George Rouy, courtesy of Hauser & Wirth

George Rouy, astro nascente della scena artistica londinese, sarà il protagonista dello stand di Hauser & Wirth, insieme a Christina Kimeze, Anj Smith e Allison Katz (che devolverà parte delle sue vendite all’interessantissima iniziativa Gallery Climate Coalition). La galleria esporrà anche opere di Henry Taylor, Avery Singer, Takesada Matsutani e Lee Bul. Nonostante le notizie secondo cui i profitti del gigante svizzero nel Regno Unito siano crollati, la galleria ha deciso di portare un roster più che ottimistico di artisti blue-chip.

Lauren Halsey trasformerà lo stand di Gagosian in uno scorcio di Los Angeles, con una scultorea “insegna da piazza”, una vivace carta da parati, collage e incisioni che reinterpretano i monumenti come elogio alla comunità stessa.

C’è inoltre un fil rouge che unisce le presentazioni in fiera con le varie mostre istituzionali attualmente in corso a Londra. Ad esempio, lo stand di Lehmann Maupin dedicato a Do Ho Suh si colloca in concomitanza con la grande mostra dedicata alla ricerca dell’artista sudcoreano alla Tate Modern, mentre lo stand di White Cube, con la sua attenzione rivolta alle donne, richiama gli sforzi sempre della Tate per inserire le artiste nel canone espositivo contemporaneo.

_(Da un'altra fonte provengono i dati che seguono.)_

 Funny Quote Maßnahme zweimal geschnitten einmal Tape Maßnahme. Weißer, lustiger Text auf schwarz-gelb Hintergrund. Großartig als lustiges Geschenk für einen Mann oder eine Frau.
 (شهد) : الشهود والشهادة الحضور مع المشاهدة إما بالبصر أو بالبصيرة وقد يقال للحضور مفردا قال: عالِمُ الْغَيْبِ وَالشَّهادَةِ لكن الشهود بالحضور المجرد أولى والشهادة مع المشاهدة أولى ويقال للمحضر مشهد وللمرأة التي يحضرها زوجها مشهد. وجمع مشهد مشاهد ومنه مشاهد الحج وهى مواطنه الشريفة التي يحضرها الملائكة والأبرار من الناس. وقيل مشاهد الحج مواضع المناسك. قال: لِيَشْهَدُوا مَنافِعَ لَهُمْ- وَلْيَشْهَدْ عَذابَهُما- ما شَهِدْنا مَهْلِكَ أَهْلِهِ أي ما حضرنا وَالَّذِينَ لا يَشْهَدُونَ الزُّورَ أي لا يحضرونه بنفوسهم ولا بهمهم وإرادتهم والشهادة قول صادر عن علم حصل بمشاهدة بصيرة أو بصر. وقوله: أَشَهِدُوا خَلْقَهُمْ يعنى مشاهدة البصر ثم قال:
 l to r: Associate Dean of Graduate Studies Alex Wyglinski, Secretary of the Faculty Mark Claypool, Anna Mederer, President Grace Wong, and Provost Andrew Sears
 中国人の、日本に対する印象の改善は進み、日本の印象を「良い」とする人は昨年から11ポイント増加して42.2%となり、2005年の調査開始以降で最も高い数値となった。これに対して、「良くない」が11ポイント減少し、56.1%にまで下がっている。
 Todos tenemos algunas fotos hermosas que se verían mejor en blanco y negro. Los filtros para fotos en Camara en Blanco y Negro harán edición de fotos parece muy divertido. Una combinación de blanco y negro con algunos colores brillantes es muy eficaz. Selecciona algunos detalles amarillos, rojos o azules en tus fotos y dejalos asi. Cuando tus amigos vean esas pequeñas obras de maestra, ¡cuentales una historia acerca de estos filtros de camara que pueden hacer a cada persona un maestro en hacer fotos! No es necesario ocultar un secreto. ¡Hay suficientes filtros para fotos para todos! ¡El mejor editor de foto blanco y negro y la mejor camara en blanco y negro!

Tra i suoi punti salienti della settimana ci sarà la mostra di Christopher Wool da Gagosian Grosvenor Hill. L’esposizione, che inaugura lunedì, è stata presentata come uno dei progetti più ambiziosi mai realizzati dall’artista di Chicago in suolo britannico. Hauser & Wirth inaugurerà oggi Cloto, mostra dedicata ai lavori di Nicolas Party, e una grandiosa mostra di Kerry James Marshall è già in corso alla Royal Academy. Secondo voci di corridoio stiamo parlando di tre eventi imperdibili. 

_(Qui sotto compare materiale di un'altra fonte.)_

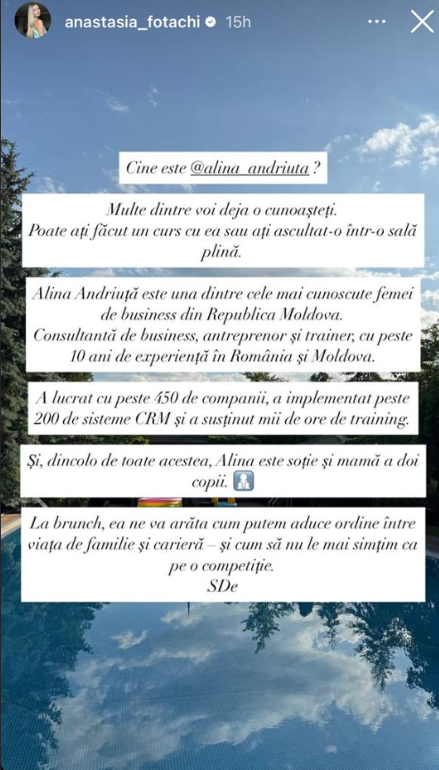 Fotomodelul, „Miss Bikini”, Anastasia Fotachi, soția milionarului Gabriel Stati a ajuns în milocul unui scandal, după ce o populară tiktok-eriță a criticat-o indirect, pentru faptul că învață femeile cum să îmbine viața personală și munca, în cadrul brunch-urilor sale. TikTok-erița Doina Frunze a spus că astfel de femei nu ar avea idee cum de fapt poți să îmbini aceste aspecte ale vieții, deoarece ele însele nu se ocupă de casă și copil, dar au bone și menajere, care preiau aceste sarcini de pe umerii lor.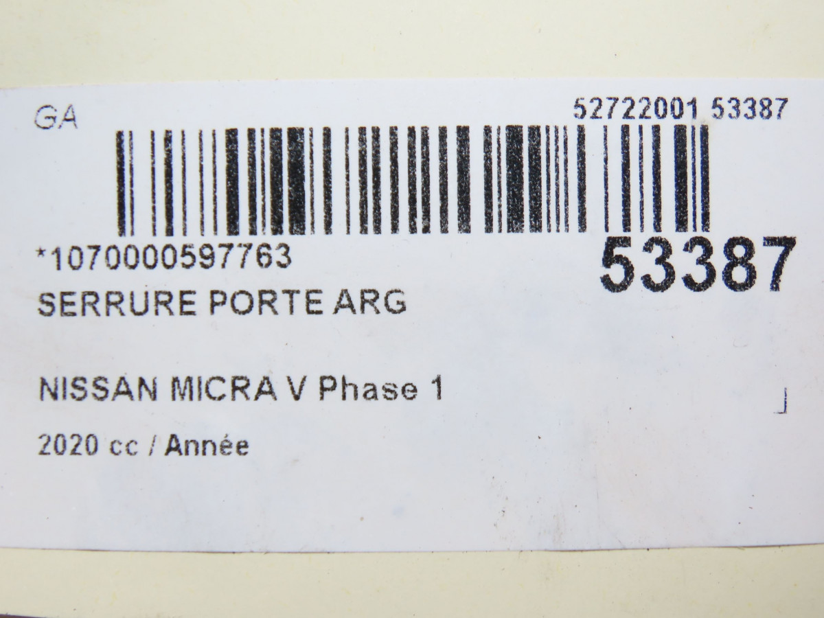 Serrure porte ard occasion NISSAN MICRA V Phase 1 02-2017->... 825005FA0A

Christopher Wool @ Gagosian, Photo Maris Hutchinson

Frieze Masters, sotto la nuova direzione dell’italiana Emanuela Tarizzo, riunisce 137 gallerie da 27 paesi con la consueta serie che parte da opere millenarie di arte classica fino ad arrivare alle avanguardie del Novecento ed oltre. La sezione Spotlight, curata da Valerie Cassel Oliver, dedica la dovuta attenzione a figure dagli anni ’50 agli anni ’70 come Novera Ahmed, Iria Leino e Mona Saudi, mentre la sezione Studio di Sheena Wagstaff e Margrethe Troensegaard mette in dialogo artisti contemporanei con materiale storico. Include opere nuove e giovanili esposte accanto a cimeli di studio, tracciando come il passato persista negli strumenti e nelle abitudini del presente. La sezione promette uno spettacolo più silenzioso: il processo creativo prevale sulla finitura, con artisti come R. H. Quaytman, Glenn Brown e Dorothy Cross.

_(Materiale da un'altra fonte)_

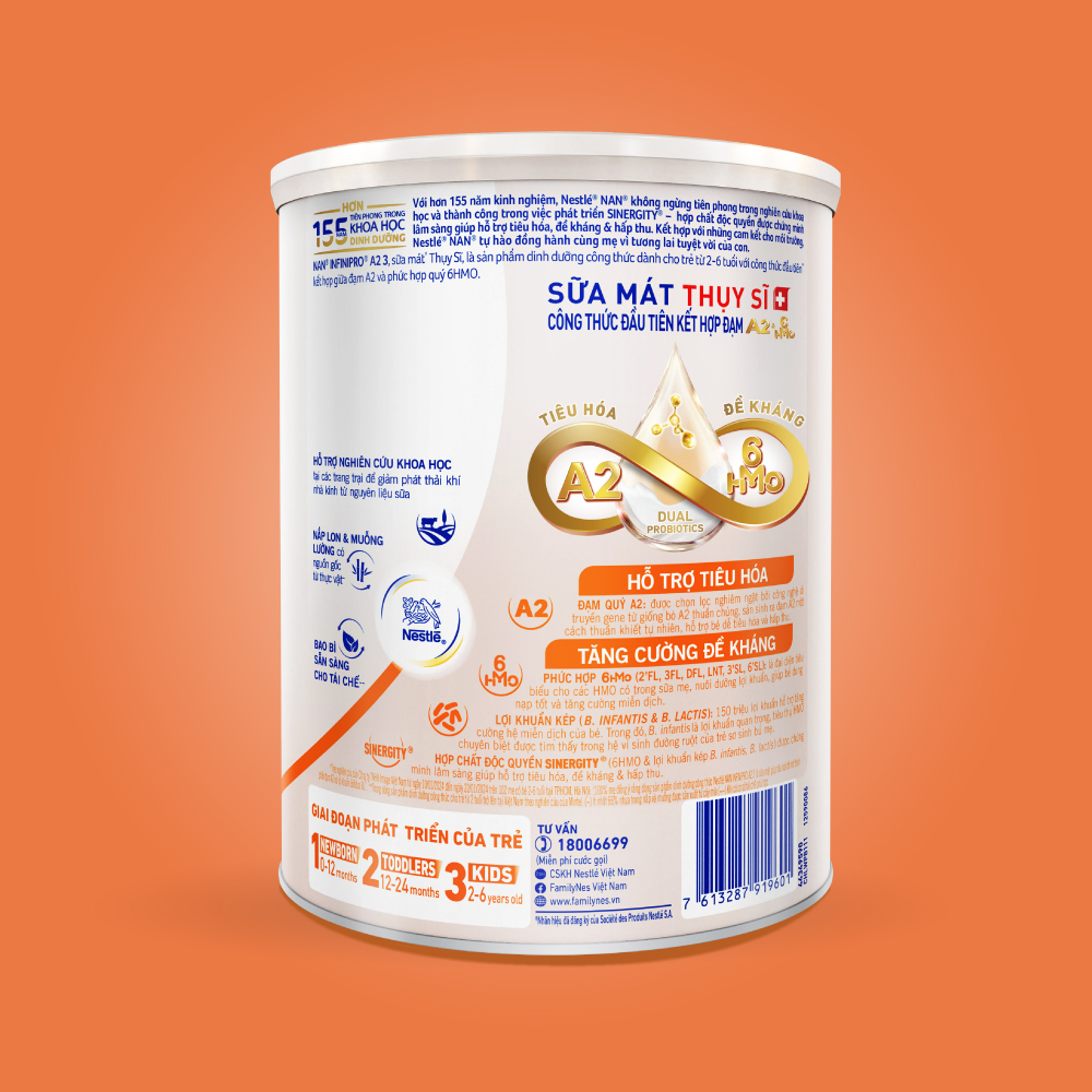 • HỢP CHẤT ĐỘC QUYỀN SINERGITY (6HMO & lợi khuẩn kép B. infantis, B. lactis) được chứng minh lâm sàng giúp hỗ trợ tiêu hóa, đề kháng & hấp thu." Nestlé tin rằng nuôi con bằng sữa mẹ là khởi đầu dinh dưỡng lý tưởng cho trẻ sơ sinh và chúng tôi hoàn toàn ủng hộ khuyến nghị của Tổ chức Y tế Thế giới về việc cho trẻ bú mẹ hoàn toàn trong sáu tháng đầu đời, sau đó là cho trẻ ăn thức ăn bổ sung dinh dưỡng đầy đủ cùng với việc tiếp tục cho trẻ bú mẹ đến hai tuổi hoặc lâu hơn. Chúng tôi cũng nhận thấy rằng việc nuôi con bằng sữa mẹ không phải lúc nào cũng là một lựa chọn khả thi cho các bậc cha mẹ, chúng tôi khuyên bạn nên được tư vấn bởi nhân viên y tế về cách nuôi dưỡng trẻ và thời điểm nên cho ăn thức ăn bổ sung. Nếu bạn quyết định không cho con bú sữa mẹ, hãy nhớ rằng quyết định như vậy có thể khó đảo ngược và sẽ có những ảnh hưởng về mặt xã hội và tài chính. Việc cho trẻ bú bình một phần sẽ làm giảm nguồn cung cấp sữa mẹ. Sữa công thức dành cho trẻ sơ sinh phải luôn được pha chế, sử dụng và bảo quản theo hướng dẫn trên nhãn để tránh rủi ro cho sức khỏe của trẻ. Không bảo quản sản phẩm quá lâu với môi trường nhiệt độ cao. Phải sử dụng trong vòng 4 tuần sau khi mở hộp. Sản phẩm chính hãng được nhập khẩu và phân phối bởi Công ty TNHH Nestlé Việt Nam.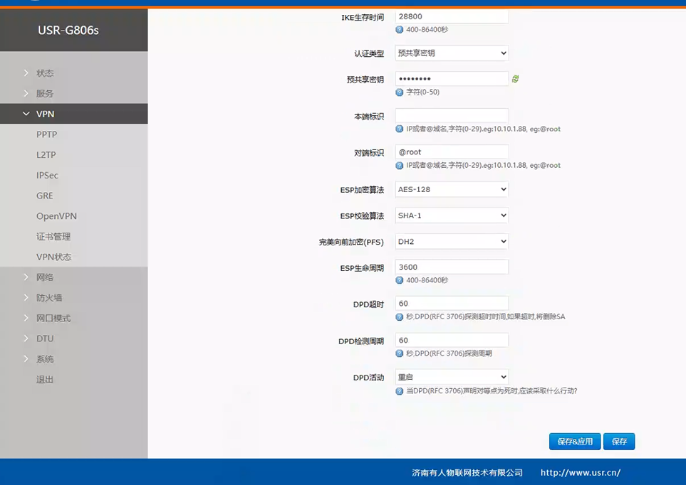 2、USR-G806s對照服務器配置參數,配置完點擊應用。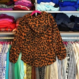Loft hooded copper/black cheetah print quarter zip fuzzy sweater size XS

Buona parte dei partecipanti arriva dal Regno Unito e dall’Europa; si registrano però importanti ritorni dopo anni di assenza, come quelli di Francesca Galloway e Mark Weiss da Londra, Moshe Tabibnia da Milano, Adam Williams Fine Art e Otto Naumann, entrambi da New York, o nuovi  e giovani galleristi come Vito Schnabel, Salon94 e Schoelkopf. 

Le prime anteprime della fiera suggeriscono un anno conservativo. Molti mercanti si sono presentati con opere riconoscibili di nomi affermati piuttosto che puntare su artisti più giovani e meno quotati. Secondo molti advisor questa cautela è strategica, un modo per ridare linfa vitale alle casse delle gallerie nel breve termine ed interrompere la mortifera narrazione che ha perseguitato il mercato dell’arte per l’ultimo anno e mezzo. 

Va altresì detto che la vera evoluzione della fiera viene dalle trasformazioni generazionali: il collezionismo muta, i musei ridefiniscono le loro priorità, il pubblico evolve. La sfida è quella di saper leggere e interpretare nella maniera corretta questi cambiamenti, mantenendo però salda la missione culturale dell’evento. Chissà se il mese di ottobre, con le sue due mega-fiere e aste da non sottovalutare, dia nuova linfa vitale ed entusiasmo ad un mercato che, oltre ad essere instabile , lo definirei in ansia.